Our system of government rests on a collection of messy conventions and officials, the guardians of these norms, would have warned the minister that although perhaps a case could be made — and they perfectly understood the political pressure — on balance these were, at best, unwise actions and the minister should desist. The politician would bristle, perhaps moan slightly to their private secretary or special adviser about bureaucratic rules and then, usually, acquiesce. No longer.
Boris Johnson’s government has shown itself undeterred by the threat of being called out for rule-breaking, extravagance, inappropriate use of government contracts or communications, even for embarrassing the Queen. Such transgressions seem to be regarded as badges of honour rather than a sign of bad judgment. The dull propriety that constrained previous governments has been thrown off with as much glee as have the shackles of the European Court of Justice. That culture of norm breaking has now come back to bite the prime minister and his team at Downing Street.

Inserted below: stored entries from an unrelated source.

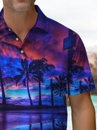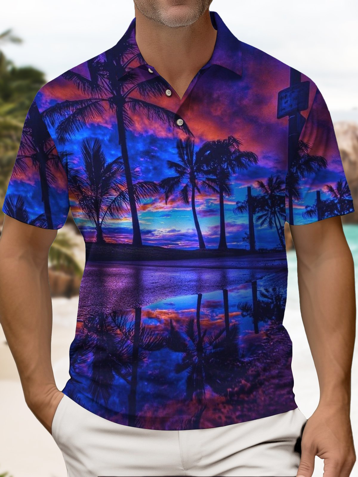 Alohadaddy® Hawaiian Coconut Tree Beach Vacation Art Print Men's Short Sleeve Polo Shirt Big & Tall
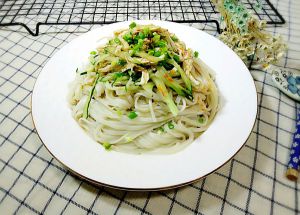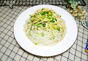 黄瓜切丝备用,也可以用芹菜、豆芽、豇豆,只要你喜欢的都可以。
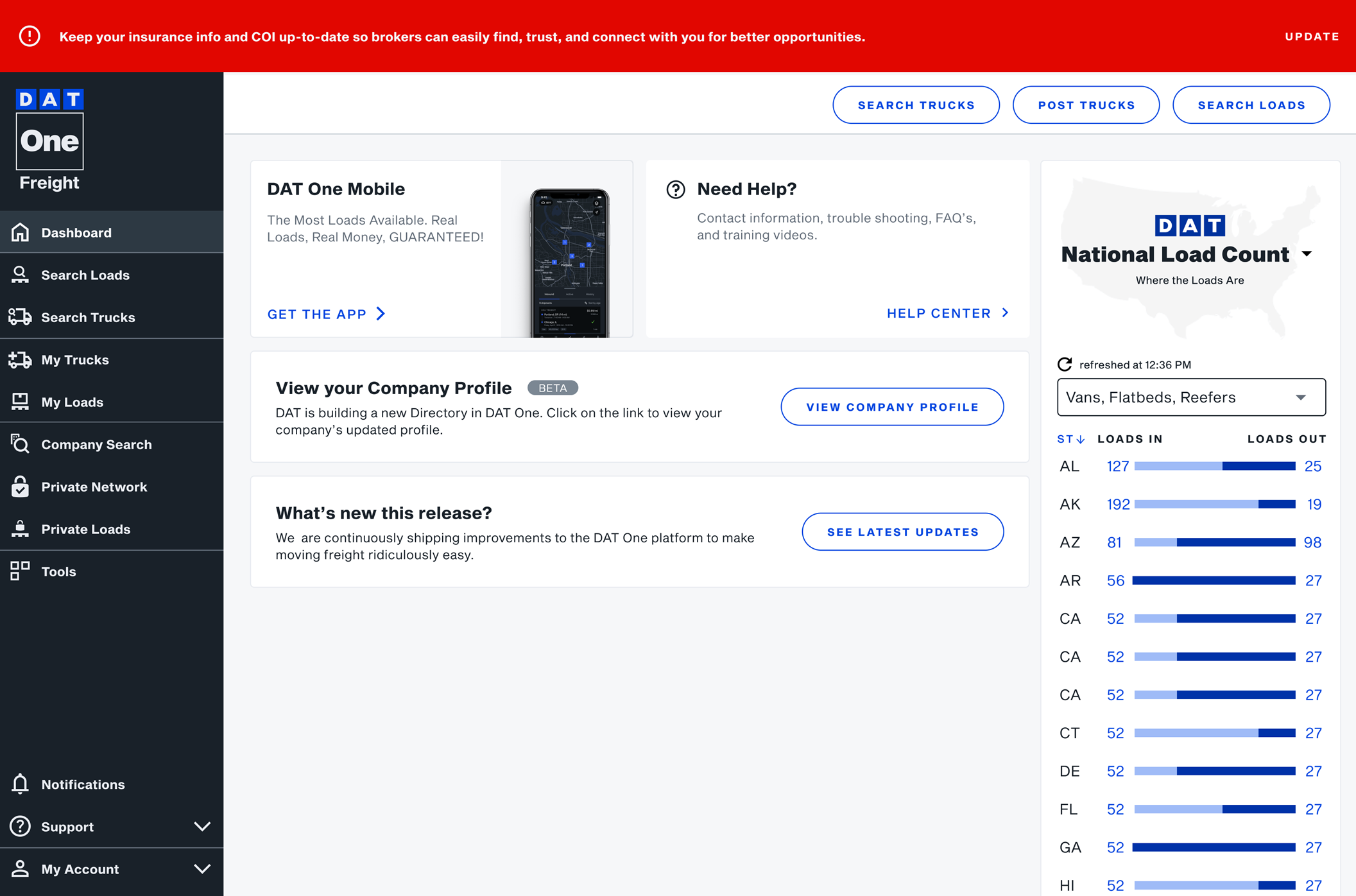 When your insurance needs attention, you’ll see a banner or message in your One DAT account.

Whatever Whitehall’s inquisitor-in-chief, Sue Gray — and the Metropolitan police — have to say about No 10’s packed programme of “work events” while the rest of the country was in lockdown, we already know that the credibility of the prime minister has been damaged. Trust in government has plummeted and those at the top of the administration have had to spend time and effort getting their stories straight, rather than making progress on other pressing governance issues.
The culture in No 10 seems to have been to work hard, drink hard and, quite possibly, party hard. Johnson may seek to deflect blame. He may promise yet another overhaul of his team, sacking errant civil servants and advisers. But civil servants alone did not create the culture that is at the heart of this government. It took its cues from two people: Johnson himself and Dominic Cummings, his former right-hand man.
Cummings made it clear from the start that he wanted to recruit people into a Downing Street bubble where work-life balance was for wimps. But his impact was wider. His “hard rain” washed away the Home Office permanent secretary when he tried to stand up to the home secretary’s bullying of staff, the PM’s standards adviser Sir Alex Allan, the permanent secretary at the Foreign Office and the cabinet secretary, Mark Sedwill, among others. Cummings even claimed that he had appointed Sedwill’s successor, Simon Case. An inexperienced cabinet secretary with such limited independent authority was always going to find it difficult to remind the prime minister or his colleagues to observe the rules — and that appearances sometimes really do matter.
If other permanent secretaries want to stick their necks out and say “no” to a transgressive minister, they cannot now feel confident of support from the cabinet secretary, nor the prime minister. Inside Downing Street, prime ministers pick a team they can work with. Political advisers may be people they know, and who tolerate the PM’s working habits and approach to the job. The danger comes when that applies to the officials too.
Martin Reynolds, Johnson’s principal private secretary in No 10, and the person who should have ensured propriety was observed behind that big black door, had performed the same role for Johnson as foreign secretary. His task would have been to create a Downing Street that worked for Johnson, that could accommodate his quirks and his style — but in doing so he appears to have absorbed Johnson’s lax approach to rules.
It is quite easy to see how, compounded by a sense of lockdown exceptionalism, that approach led to “partygate”. The conventions under which the system operates are being pushed to the limit. The prime minister may decide to change the line-up. But it will make no difference unless he signals from the top that he intends to preside over a new attitude to rules and standards — and that it applies to his cabinet as much as the civil service.